- [DIRECTIONS] Skip every picture, then write out exactly the lines of the listing below from the line that contains "Кінець першого тайму" through the final line.

- [DATA SEGMENT]

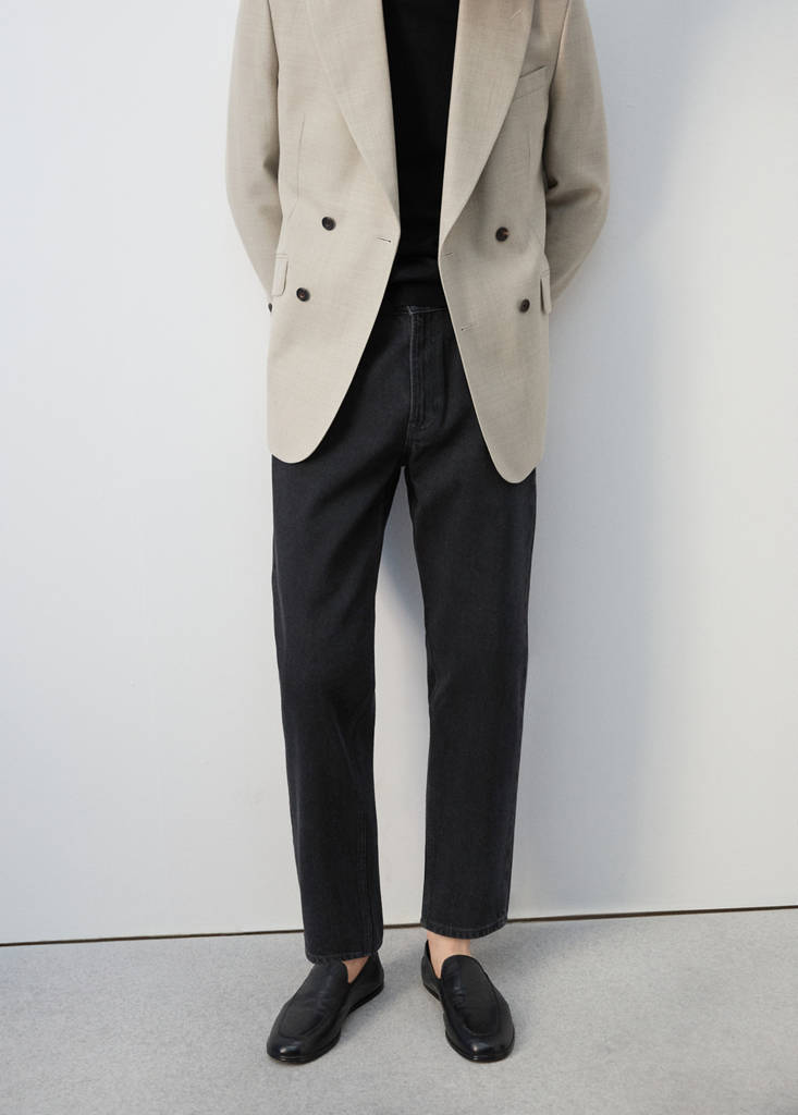 Tejido estilo tejano vaquero 100% algodón. Silueta Carrot. Tapered fit: corte ancho en la parte superior que se va estrechando de la rodilla al tobillo. Bajo cropped. Cierre de botón y cremallera. Trabillas para cinturón. Dos bolsillos portamonedas. Dos bolsillos de parche en la parte posterior
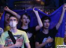 Кінець першого тайму у фан-зоні зустрічають криками "Україна!". Так реагують на гру збірної на останніх хвилинах. Наші пішли уперед та змусили англійців відбивати.
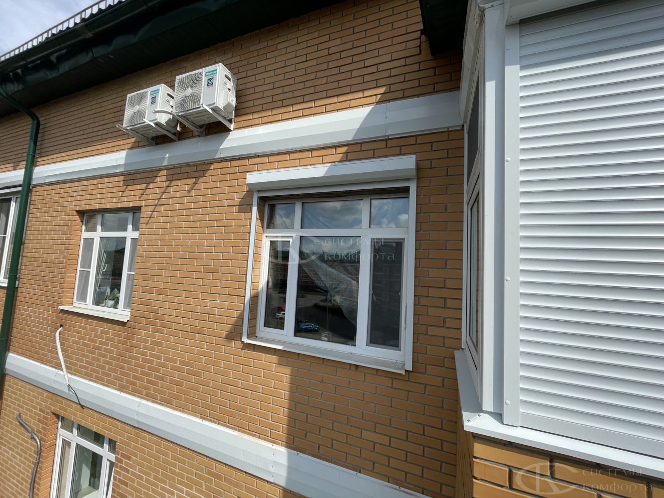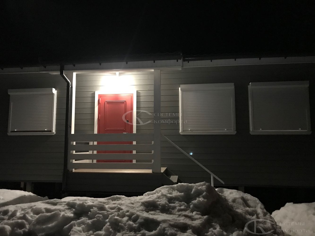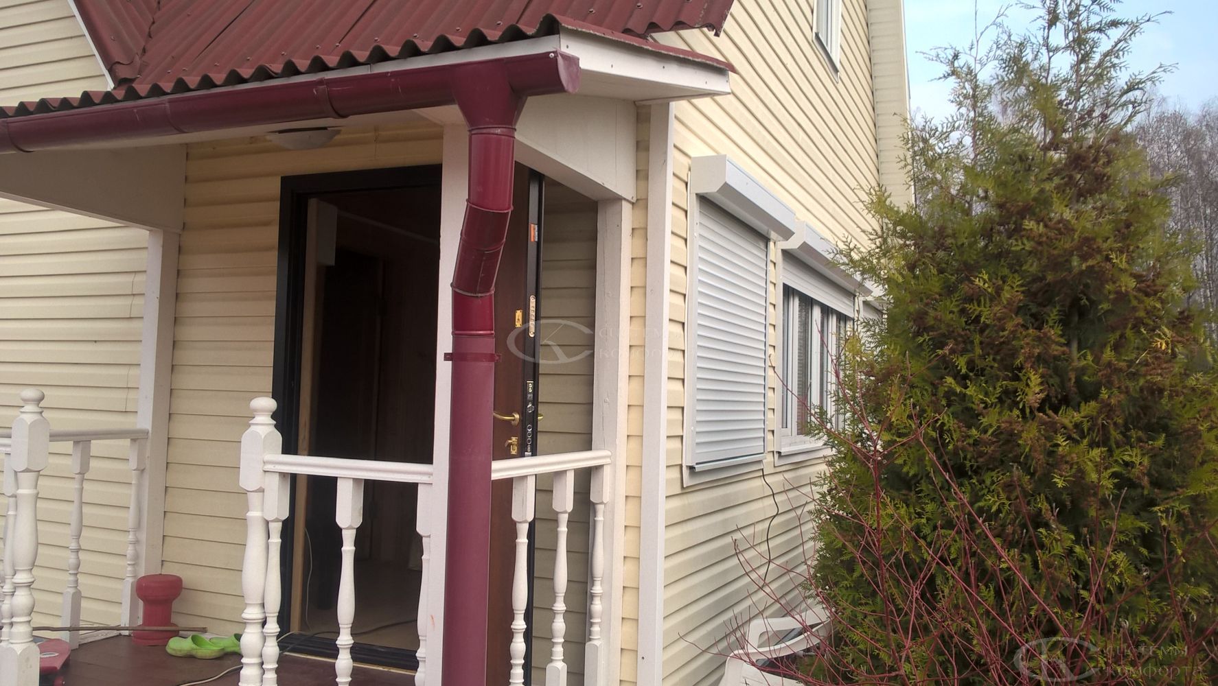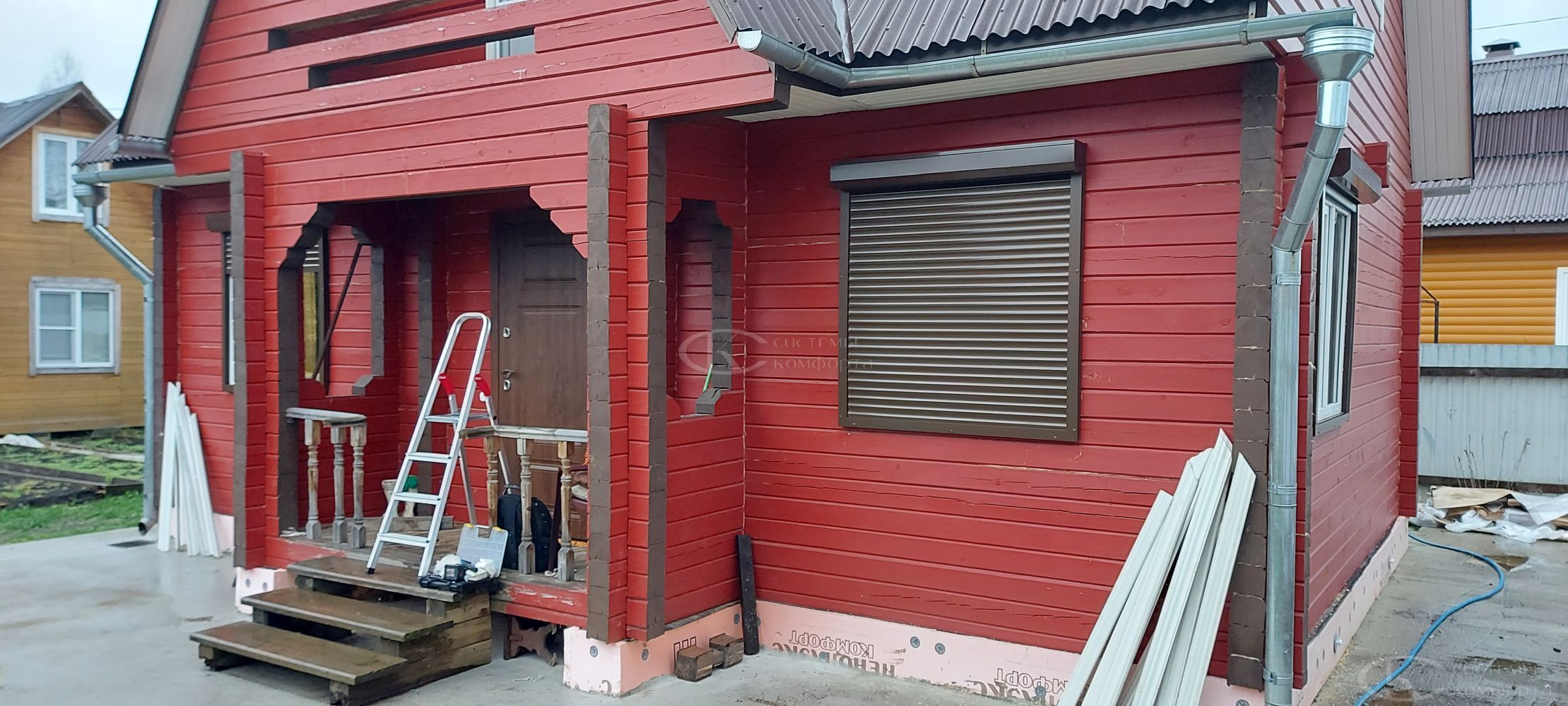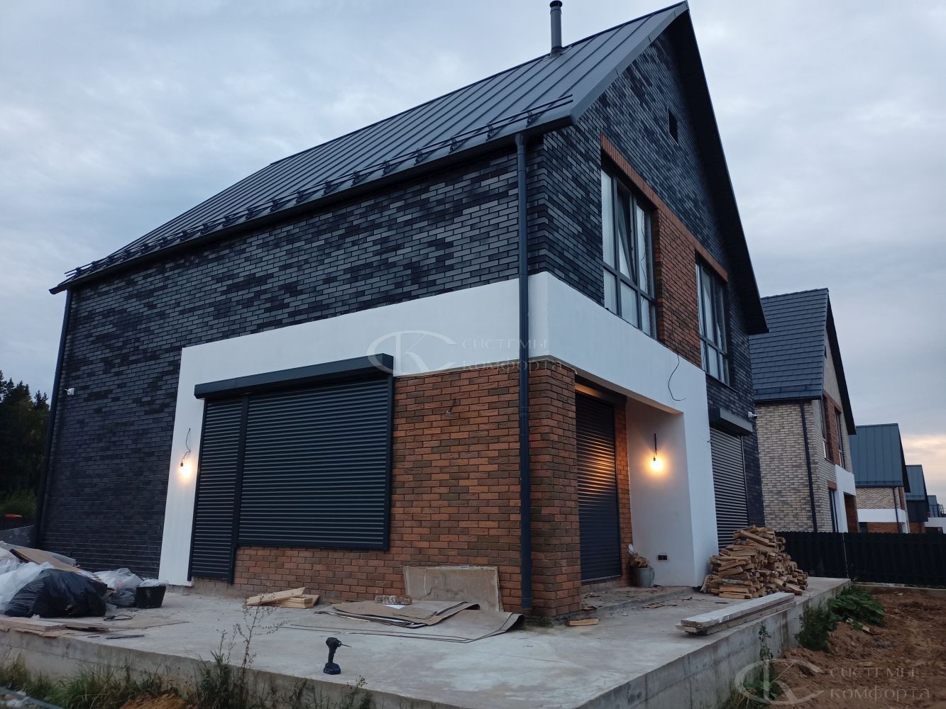 Короб рольставен монтируется на фасад здания выше проема, направляющие — по бокам окна. Такой способ не влияет на объем света, попадающего в помещение, а сами роллеты в открытом положении не видны из дома. Недостаток решения: конструкция выступает относительно наружной стены и может внести дисгармонию в архитектурный облик здания.
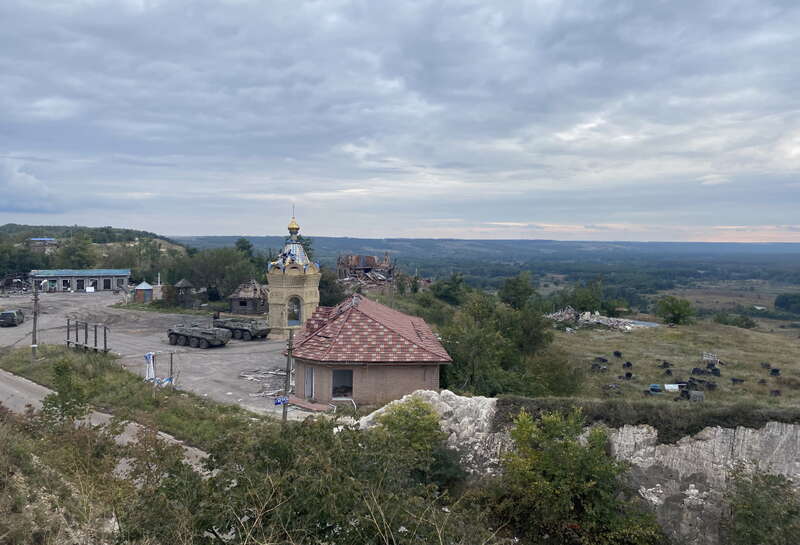 Звідси відкривається неймовірний краєвид на ізюмські дахи, а водночас і велика трагедія. На цьому місці люди платили життям за телефонний дзвінок з окупації. На пагорбі знайшли кілька десятків трупів.

- [SOLUTION BELOW]
 Кінець першого тайму у фан-зоні зустрічають криками "Україна!". Так реагують на гру збірної на останніх хвилинах. Наші пішли уперед та змусили англійців відбивати.
 Короб рольставен монтируется на фасад здания выше проема, направляющие — по бокам окна. Такой способ не влияет на объем света, попадающего в помещение, а сами роллеты в открытом положении не видны из дома. Недостаток решения: конструкция выступает относительно наружной стены и может внести дисгармонию в архитектурный облик здания.
 Звідси відкривається неймовірний краєвид на ізюмські дахи, а водночас і велика трагедія. На цьому місці люди платили життям за телефонний дзвінок з окупації. На пагорбі знайшли кілька десятків трупів.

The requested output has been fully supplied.